Can the UN rescue Iraq?

The implications of the Bush administration’s new Iraq strategy are still sinking in. Two of the most interesting comments I’ve read recently are from Dan Plesch and Niall Ferguson. Plesch argues, all too persuasively I’m afraid, that the Bush administration is gearing up for a military clash with Iran.

That’s a subject I’ll come back to - probably next week. In the meantime, I want to discuss Ferguson’s argument that the United Nations should take over from the United States in policing Iraq. Coming from a conservative historian, noted for his sympathy with the idea of an "imperial" America and his distrust of international institutions, this is a very striking conclusion. In fact Ferguson himself writes: "I never thought I would see myself write these words, but here goes: Call off the green berets. It’s time to send in the blue helmets."

Well, I guess the debacle in Iraq is causing all sorts of interesting intellectual somersaults. And, as is only to be expected, Ferguson’s gymnastics are particularly elegant.

He makes a fair point when he argues that those people who are essentially arguing for American withdrawal have too often failed to face upto the implications of the kind of civil and regional conflicts that might be unleashed in the wake of an American pull-out. I’d probably plead guilty to that myself.

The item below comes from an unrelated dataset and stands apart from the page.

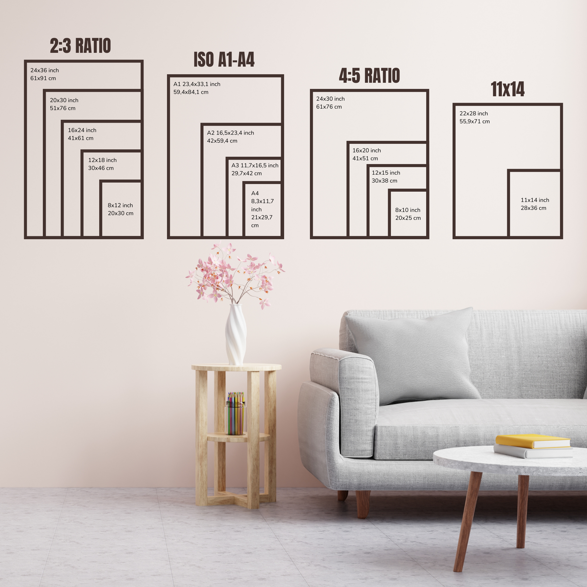 cm: 10x15, 20x30, 30x45, 40x60, 50x76, 61x91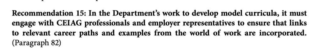 - Embedding Careers into the Curriculum - Government response to the Education committee recommendations for CEIAG Pt 4

But in castigating one form of wishful thinking, I think Ferguson then strays into another. It is easy to call for "the UN" to hold the ring. But there is - unfortunately - no standing UN force that can be called upon. The international organisation would have to drum up contributions from its individual members. And who exactly is going to step forward and put their troops into the middle of a raging civil war? Look at how difficult the UN found it to raise a force to police southern Lebanon - and that was after a ceasefire had been called.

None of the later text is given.